Each perforation conducted during the study was characterized by a loading phase and a sudden, rapid return to prior wavelengths at the time of perforation. Negative loading phases correspond to axial loading of the catheter while positive loading phases correspond to the presence of lateral forces, or shearing at the catheter tip. Thus for the current sensor design, a positive wavelength change after reaching thermal equilibrium suggests that the catheter tip may not be fully perpendicular to the endocardial surface (e.g., Figure 4(B,D,E), during loading)). Of note in Figure 4(A,B) is the brief reversal of signal wavelength immediately prior to perforation despite continual pressure exerted by the operator. This reversal was also observed for the epoxy-based sensor during perforation bench tests using a slab of tissue simulant and a commercially available pig heart. An explanation may be that as the contact level started to reach perforation levels, the targeted tissue began to weaken and thin, temporarily relieving the pressure between the catheter tip and the atrial wall. The length of the reversal was more prolonged and apparent when the perforation was carried out more slowly; in fact, as seen in Figure 4(C) the reversal may be absent when perforation was carried out quickly (2.5 s in Figure 4(C) compared to greater than 8 s for Figure 4(A,B)). Short perforation times prevented correlation of perforation speed with the observability of a reversal signal. However, sensitivity-induced competition with secondary signals such as operator handling readily reduced the prominence and clarity of the perforation signal. Therefore, it may be concluded that stiffer adhesives such as epoxy will allow exactly the right strain transfer to isolate signals unique to perforation. On the other hand, one should realize that perforations performed in this study were carried out intentionally, and during actual ablation procedures, a loading phase may not be as apparent to the operator. For load-sensing enabled RF ablation catheters, Figure 4(B) may be more representative of more realistic situations in which the magnitude of the baseline and the heart beat induced peaks slowly magnified until a sudden wavelength drop-off occurred. Thus, during RF ablation, the operator should check for alternate signs of perforation whenever a wavelength drop-off is observed after steady increases in signal waveform magnitudes.
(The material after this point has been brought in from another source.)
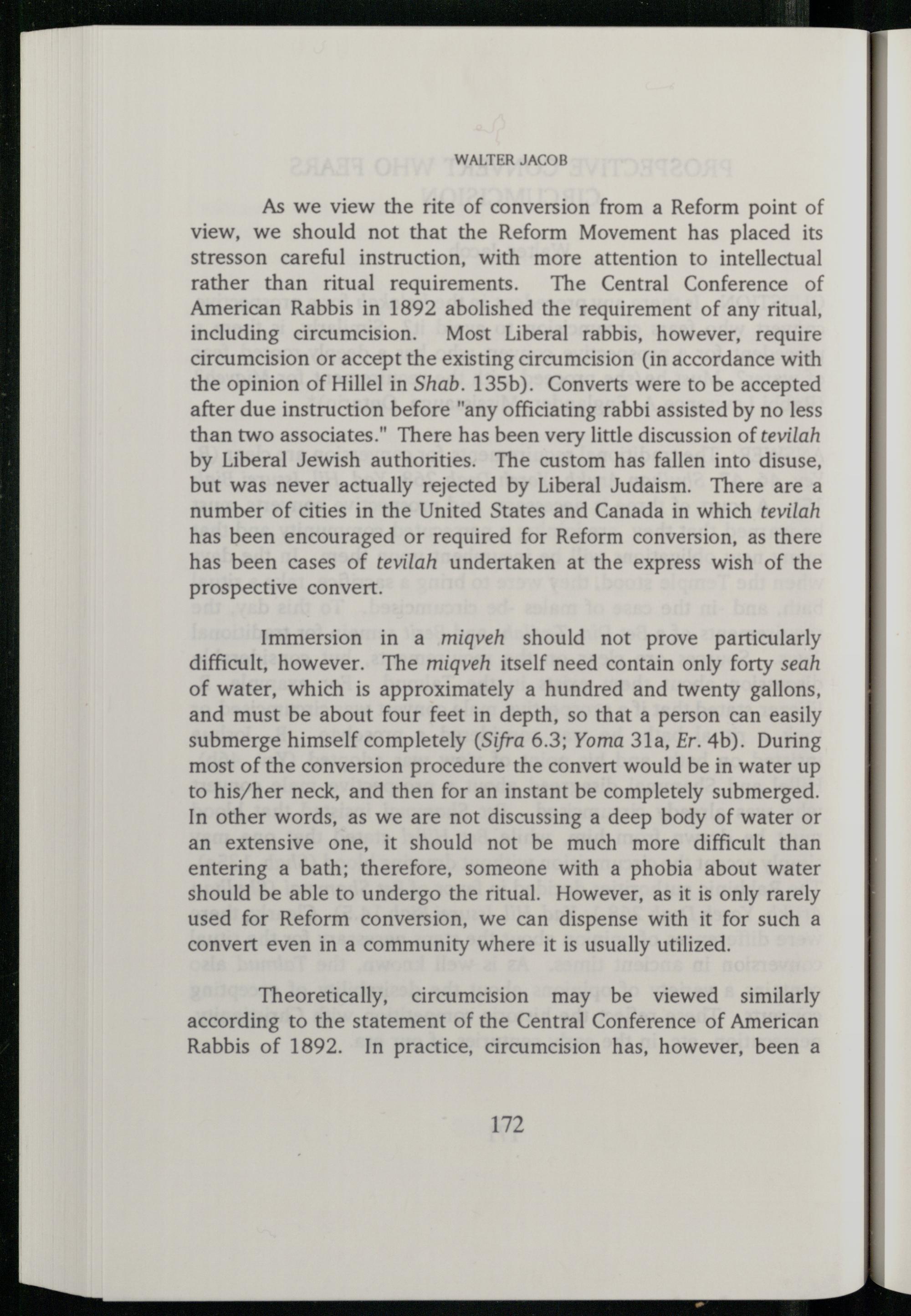 according to the statement of the Central Conference of American Rabbis of 1892. In practice, circumcision has, however, been a

Perforation results from this study agree with the results presented by Shah et al. [17], with both studies showing a characteristic loading phase followed by a sharp drop in contact force coinciding with perforation (seen in the current study as a quick shift in Bragg wavelength to pre-loading levels). A contact force threshold (100 g) was recommended by Shah et al. to minimize the chances of perforation [17]. On the other hand, the brief reversal as seen in Figure 4(A,B) may act as an additional warning signal for operators of impending perforation.

The data acquired from this study lays the foundation for further improvements in sensor designs in subsequent studies. During the perforations shown in Figure 4(B,D,E), buckling of the sensor between the cylinder and the protective superelastic tube produced large peaks in the signal. Later designs will reinforce this junction to reduce the chance of buckling during loading. Furthermore, the thicknesses of the cylinders housing the FBGs were thin and thus susceptible to substantial bending stresses. Increasing the thickness will reduce the effect of bending stresses, but will impose obstacles in other aspects of the sensor, such as the size; thus a stiffer type of material may be used to lower this effect while maintaining a small size.
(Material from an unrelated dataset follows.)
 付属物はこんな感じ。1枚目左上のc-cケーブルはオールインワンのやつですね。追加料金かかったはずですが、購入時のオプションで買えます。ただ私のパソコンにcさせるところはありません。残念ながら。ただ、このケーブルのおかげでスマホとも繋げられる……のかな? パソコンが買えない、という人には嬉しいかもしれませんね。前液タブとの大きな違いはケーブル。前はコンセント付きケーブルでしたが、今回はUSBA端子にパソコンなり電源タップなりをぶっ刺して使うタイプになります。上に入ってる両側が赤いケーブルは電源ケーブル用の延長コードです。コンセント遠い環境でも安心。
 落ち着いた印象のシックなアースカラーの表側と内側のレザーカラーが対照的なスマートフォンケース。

5.3. Effects of Temperature

As indicated by Equation (1), changes in temperature correlate to shifts in the Bragg wavelength but do not affect sensitivity to mechanical strain. Throughout the study, temperature changes occurred mainly from the movement of the sensor into and out of the cardiac chambers. Insertion of the sensor into the heart produced an upward shift of approximately 0.4 nm in the Bragg wavelength. Roughly 30 s were required for the sensor to reach thermal equilibrium once inside the heart (hence no more temperature-induced wavelength shifts). Extractions of the sensor lead to the recovery of the wavelength shift to original, pre-insertion levels.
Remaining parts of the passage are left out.